Пока дышу, я твой (Фремптон) - страница 41

Но Саймон, ко всему прочему, был жестоким, недальновидным и грубым деспотом, который тщательно скрывал мерзкие черты характера под внешней привлекательностью и задорно-мальчишеской манерой поведения. Он был мечтой всех ее университетских подруг, и, когда Соренза вышла за него замуж, они позеленели от зависти.

Кто бы мог подумать, что этот обаятельный молодой человек превратится в садиста и будет устраивать скандалы по каждому пустяку? Квартира, которую они снимали, стала для Сорензы местом тяжелых испытаний, и только на лекциях или в компании друзей она чувствовала себя в относительной безопасности.

Почему она так долго выносила это? Возможно, верила, что все изменится, или отчаянно боялась, чтобы не повторилась история ее родителей. Каждый раз, когда между ними происходила ссора, она обещала себе, что попробует стать Саймону лучшей женой в мире. Наверное, думала, что это все-таки ее вина. Саймон хороший. Все так говорили…

— …не так ли, Соренза?

Она опять оказалась за изысканно сервированным столом Изабелл, и на нее вопросительно смотрели три пары глаз.

— Извините, — пробормотала Соренза, стараясь изобразить улыбку. — Я думала о работе.

— Не о моей, надеюсь? — лениво-равнодушно спросил Николас, но его глаза засветились недобрым огоньком.

— Нет, с твоей все в полном порядке.

Она повернулась к кузине.

— Извини. О чем ты говорила?

Беседа возобновилась, но всякий раз, повернувшись к Николасу, Соренза ловила на себе его задумчивый взгляд.

Ближе к полночи все четверо поднялись по резной деревянной лестнице на второй этаж. И супруги Даймонд чинно удалились в свою спальню, оставив Сорензу наедине с Николасом.

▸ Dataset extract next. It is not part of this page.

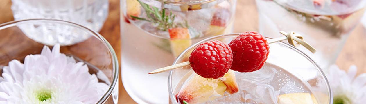 Strain into a glass filled with ice, top with soda water and garnish with raspberries.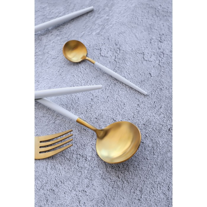 Столовые приборы из нержавеющей стали Magistro «Фолк», 4 предмета, цвет металла золотой, белые ручки

— Спокойной ночи, Соренза.

Николас наклонился и поймал губами ее чувственный рот. Его язык скользил мягко, но настойчиво, пытаясь проникнуть все глубже. Охваченный страстным желанием овладеть ею, Николас пылко ласкал разгоряченное лицо молодой женщины, шею, покусывал мочки ее ушей. Тепло разлилось по телу Сорензы. Он прижал ее к себе с такой силой, что ей трудно стало дышать. Казалось, им овладело безумие. Но вдруг он остановился и опустил руки.

Ноги с трудом держали ее, перед глазами все плыло, когда она стояла перед ним, пытаясь прийти в себя, а он смотрел на нее голодным взглядом.

— Когда мне было чуть больше двадцати, я встречался с одной девушкой, и сильно обжегся, — отрывисто сказал Николас. — С тех пор я не позволяю чувствам вырываться наружу. Я не даю никаких обещаний. Я просто остаюсь верен той, с которой встречаюсь, и ожидаю от нее того же. Честность и верность без сожалений и взаимных обвинений. Неплохая философия, не правда ли?